Understanding Quorum – When the Raspberry Pi comes in
- How does it work? A quorum is achieved when a group of connected nodes represents more than half of the total nodes in the cluster.
- You might ask, ‘What is a quorum in a Galera cluster?’ Think of it as a majority vote. To prevent a ‘split-brain’—where different nodes accept conflicting writes—the cluster must have a quorum to allow changes to the data.
- In a 3-node cluster, you need at least 2 nodes online.
- In a 4-node cluster, you need at least 3 nodes online (still a majority).
- In a 5-node cluster, you need at least 3 nodes online.
- What happens if nodes fail and quorum is lost? If a network problem splits the cluster, only the group with the majority (the ‘Primary Component’) will continue to allow reads and writes.
- Any node or group of nodes that is in the minority automatically freezes itself. It won’t even accept reads, because the data could be out of date. This is a critical safety feature to protect your data’s integrity. So, it doesn’t just become ‘read-only’ – for all practical purposes, it becomes non-operational until it can rejoin the main cluster.”
- So far we deployed 4 nodes, one on each Proxmox node. So we will need a 5th one somewhere. What if one of the Proxmox nodes is down? Then our Galera cluster would simply stop working. So what we can do here to prevent it is to add another tiny element into our infrastructure – a spare Raspberry Pi (or another mini server) that is connected to the same network segment and can act as a so-called Arbitrator.
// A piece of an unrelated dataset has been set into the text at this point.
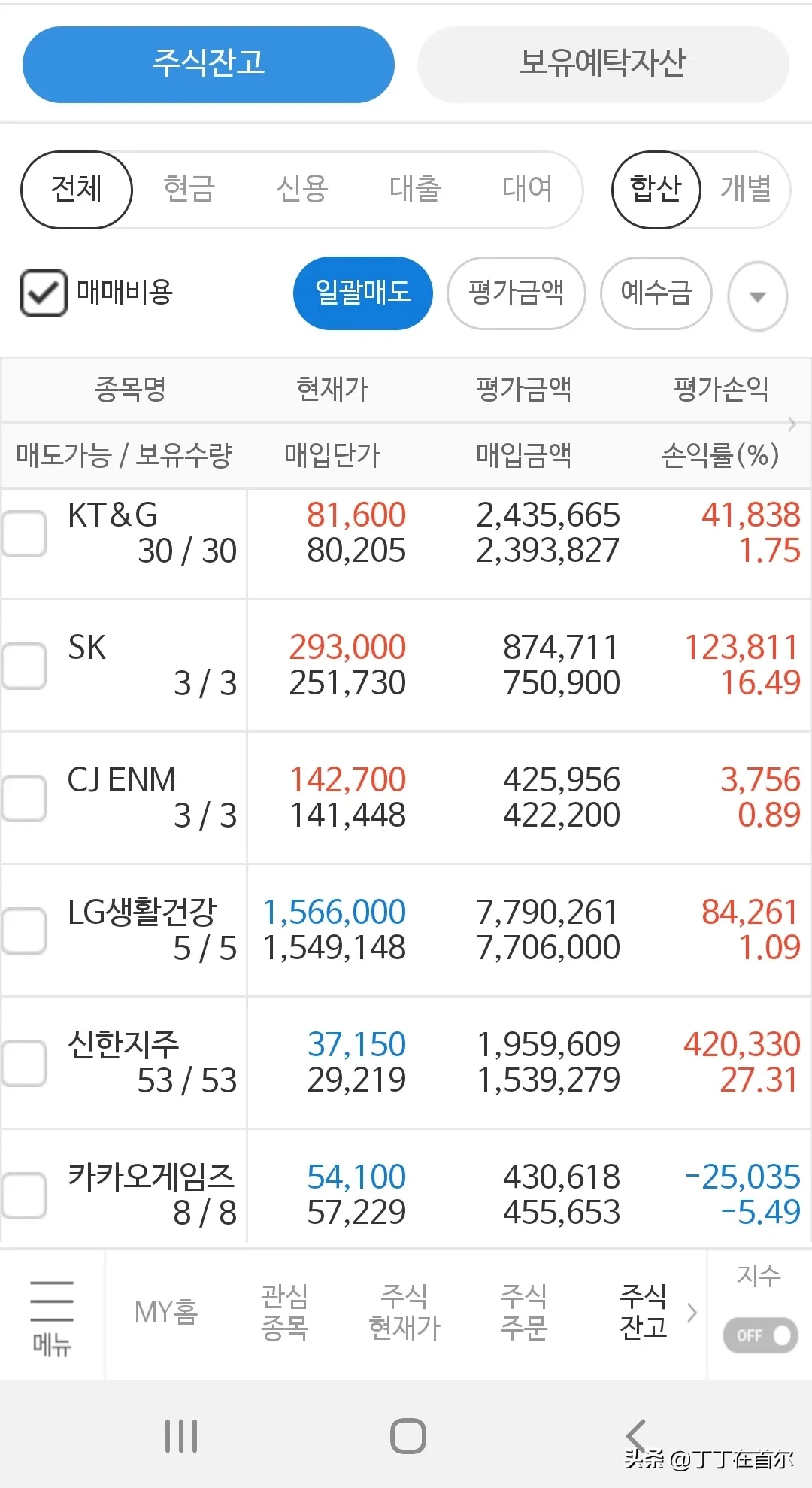 刚开始步入股市其实是很小心谨慎的,只放了2, 3百韩币左右开始,只投了韩股,而且一入场就遇到连续熔断,买的都是些济州航空,CJ财团等股,账号亏幅最大达到负的-56%多印象中,直接拦腰砍半……那个时候也真正开始对股市有了敬畏之心,开始很努力的自学投资。

- The Arbitrator serves as the deciding member of the quorum, even if it does NOT hold any database-related data. Almost zero traffic or performance is required. This way, if we have 2 LXCs on Proxmox node 1 and 2 LXCs on Proxmox node 2 and one goes down, the Arbitrator with the node will still have a quorum.
Hardware Setup for the Pi
- Grab a Raspberry Pi (any version will do if it’s not already busy with other tasks).
- The Pi should be connected ideally via the same switch as the Proxmox nodes on the same network for low latency. I would not recommend WiFi connection here.
- The OS is up to your choice, a basic headless Raspberry Pi OS Lite would do. In this guide, I assume it is a Debian-based distro.
- Ideally, have it connected to UPS. Either have one that covers several devices (such as your Proxmox nodes + router(s) + the Pi) or one that is dedicated to the Pi, that is a power bank with UPS capabilities. Ping me for tips if you are struggling to find some 🙂
Installation Process (Garb)
- Connect to the Pi via SSH and run the following:
# Update / Upgrade the OS to its newest version sudo apt update && sudo apt upgrade -y # Install Maria DB client only (no need for a server) sudo apt install galera-arbitrator-4 -y
- Let’s configure the Arbitrator:
sudo nano /etc/default/garb # A comma-separated list of other node addresses (IPs) in your Galera cluster. # At least one of these must be contactable at startup. GALERA_NODES="<node1_ip>:4567,<node2_ip>:4567,<node3_ip>:4567,<node4_ip>:4567" # The Galera cluster name such as ClusterA GALERA_GROUP="my_galera_cluster" # Optional: log file for garbd. Leave it commented out or # you will run into permission issues. # LOG_FILE=""
- Save an exit and then enable the garbd service:
# Start the garbd service sudo systemctl start garbd # Verify the service is up and runnning sudo systemctl status garbd # Set it up to auto-start on boot sudo systemctl enable garbd # Monitor the log # tail -f /var/log/garbd.log
- Log into any of your actual MariaDB nodes and check the cluster size.
mysql -u root -p -e "SHOW GLOBAL STATUS LIKE 'wsrep_cluster_size';"
- Now our cluster is resilient to a split-brain scenario in case one of the two Proxmox nodes are down.
- In my case, I use the Pi also as a Proxmox backup server with a large 1 TB micro SD A2 card + as a quorum member for the Proxmox nodes + a quorum member for the Galera cluster. Quite neat!